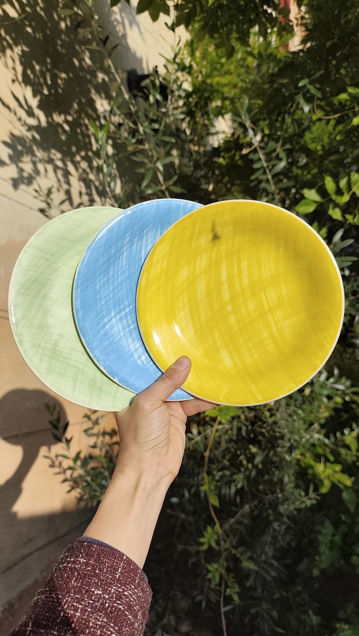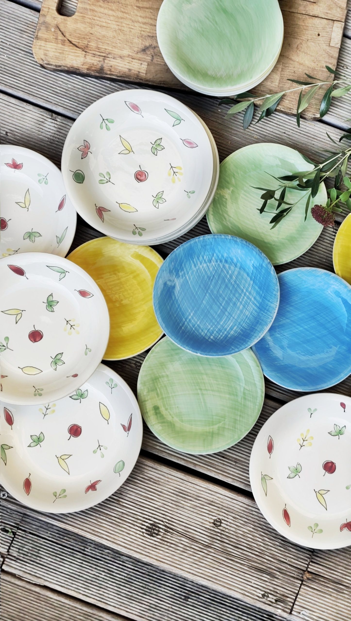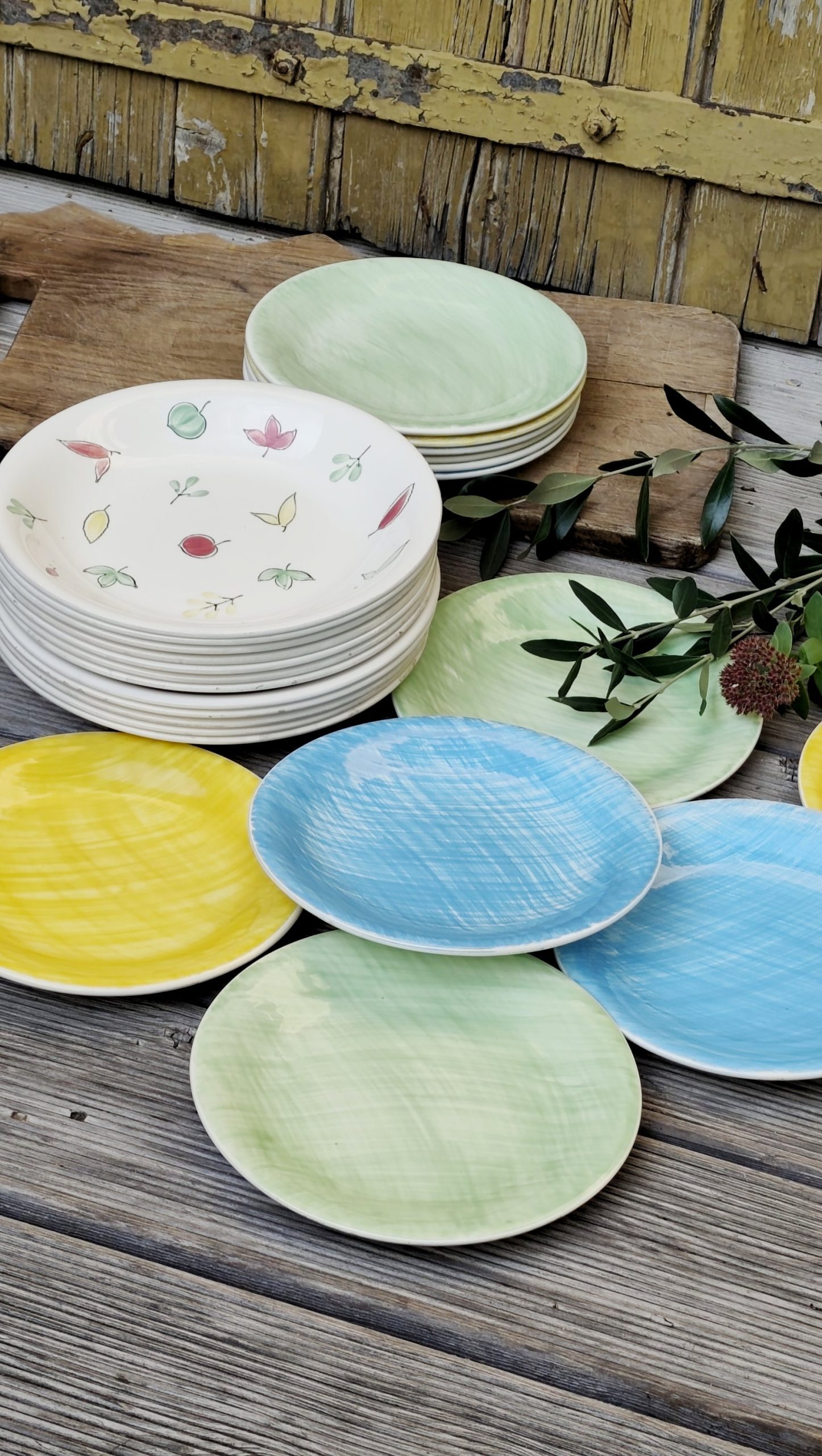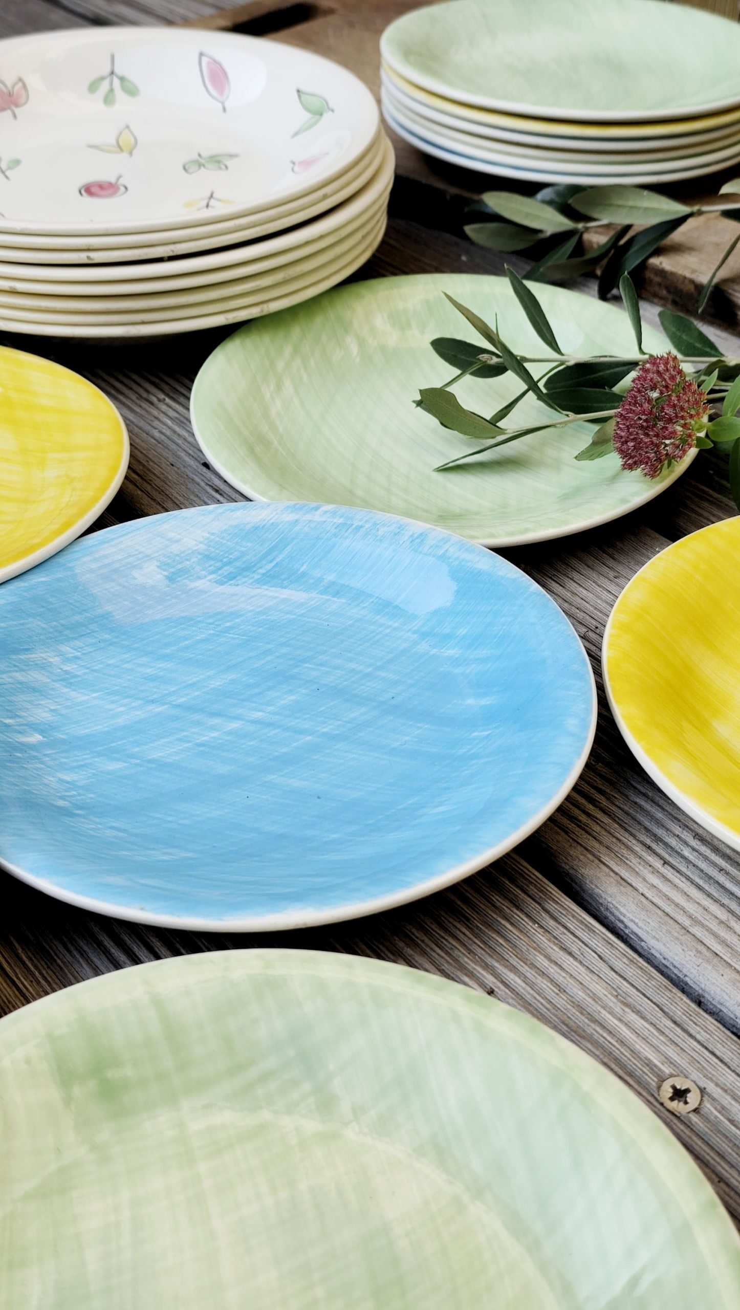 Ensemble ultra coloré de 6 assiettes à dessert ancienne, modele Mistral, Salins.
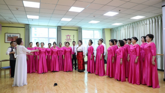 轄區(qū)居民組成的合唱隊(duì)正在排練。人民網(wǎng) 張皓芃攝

* * *

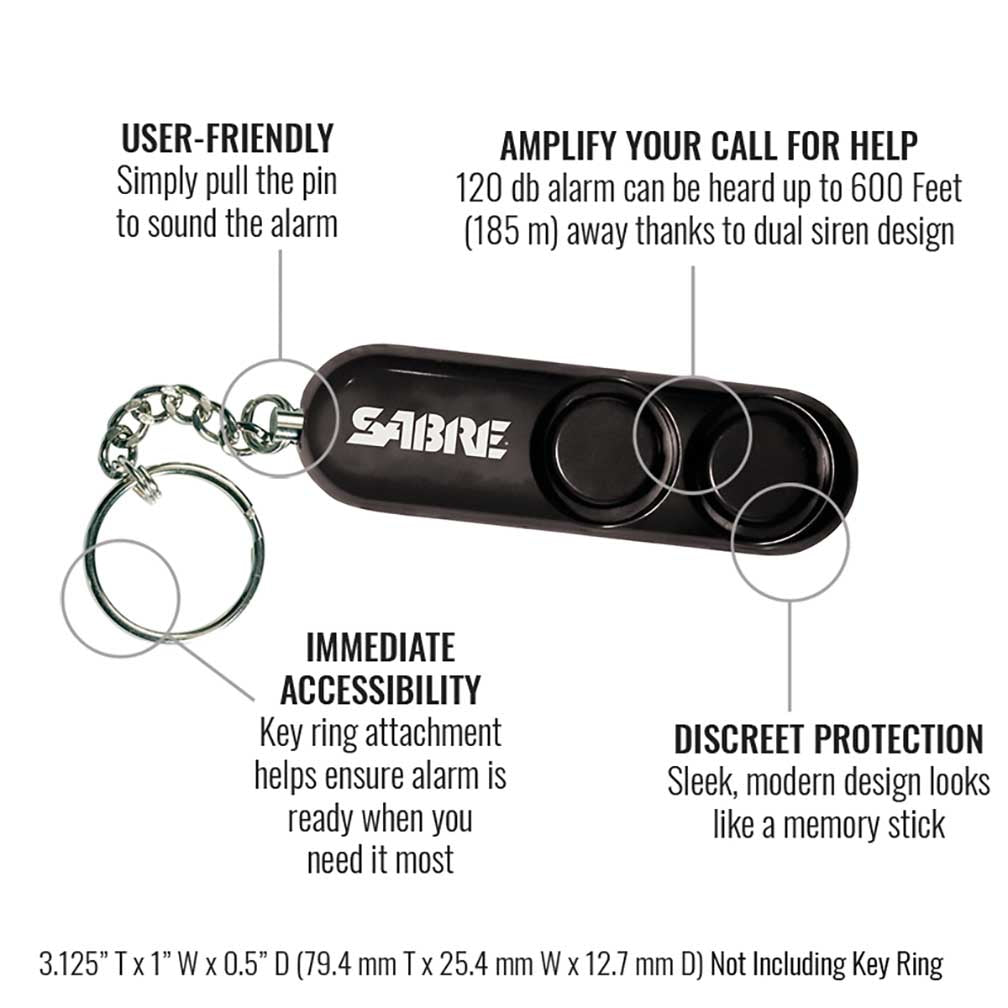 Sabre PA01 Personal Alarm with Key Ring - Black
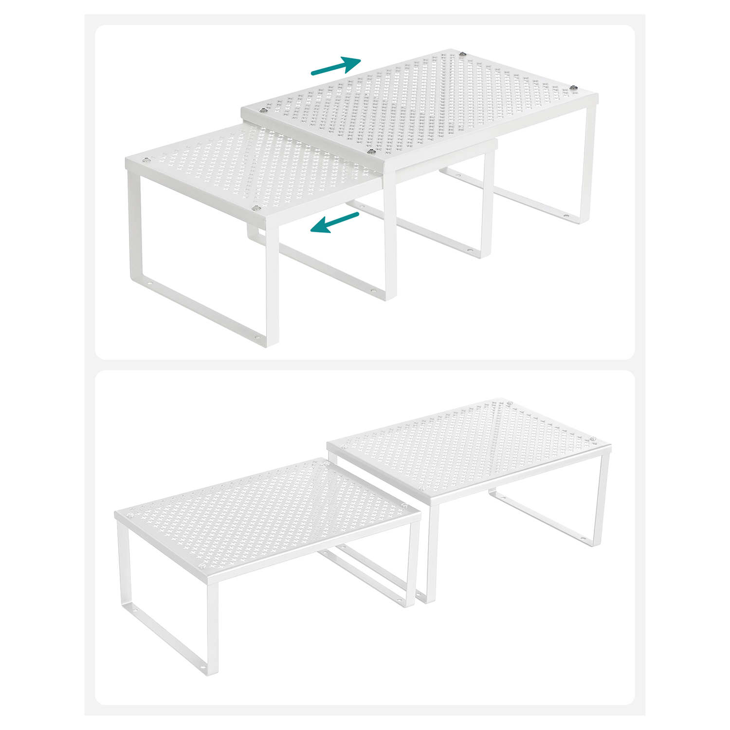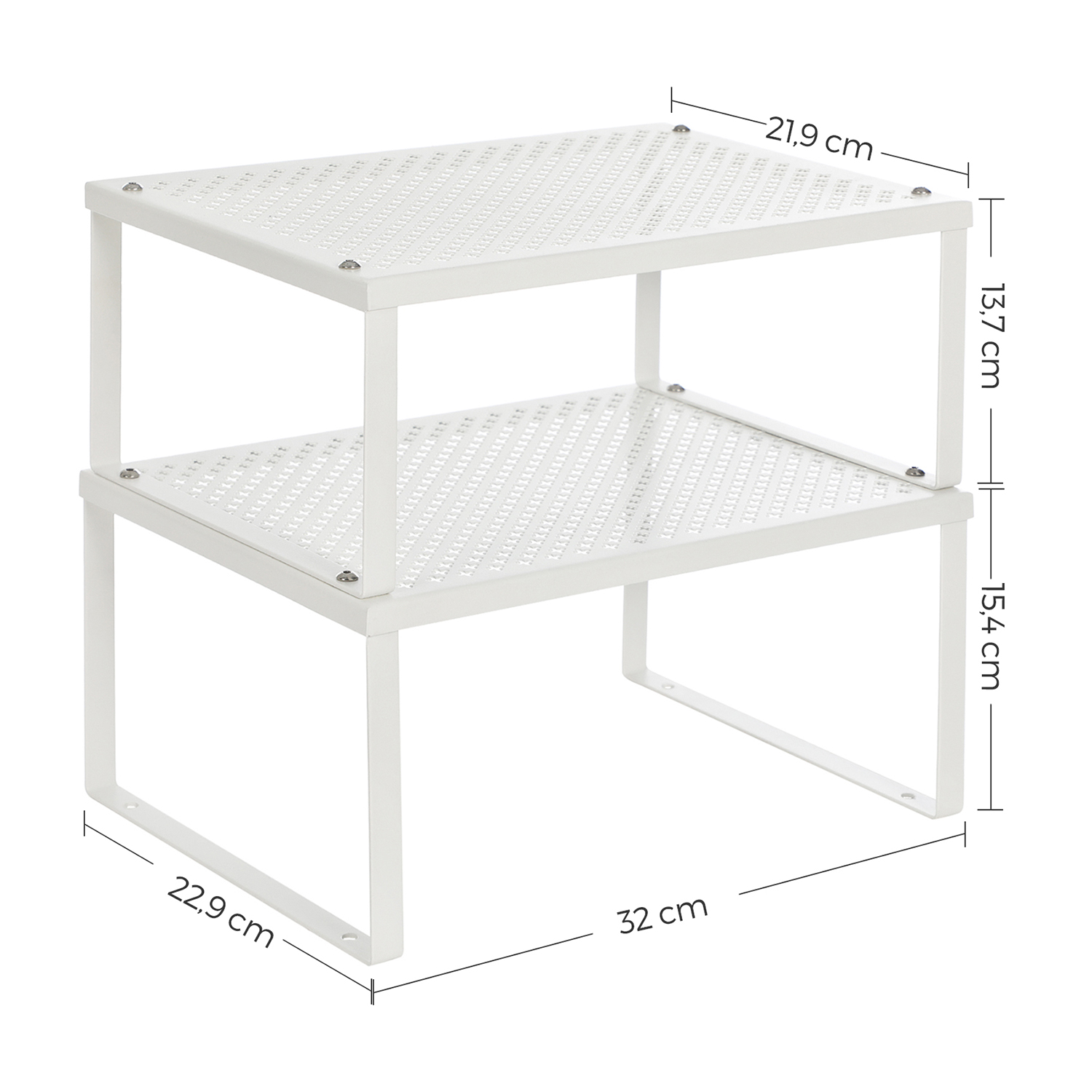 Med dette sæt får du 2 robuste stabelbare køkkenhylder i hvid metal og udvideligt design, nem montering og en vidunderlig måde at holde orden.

WHAT THE TASK REQUIRES: Go back to the listing above and write out the lines starting at the one with "Ensemble ultra coloré" and ending at the one with "轄區(qū)居民組成的合唱隊(duì)正在排練。人民網(wǎng) 張皓芃攝", inclusive, exactly and without pictures.

RESPONSE:
 Ensemble ultra coloré de 6 assiettes à dessert ancienne, modele Mistral, Salins.
 轄區(qū)居民組成的合唱隊(duì)正在排練。人民網(wǎng) 張皓芃攝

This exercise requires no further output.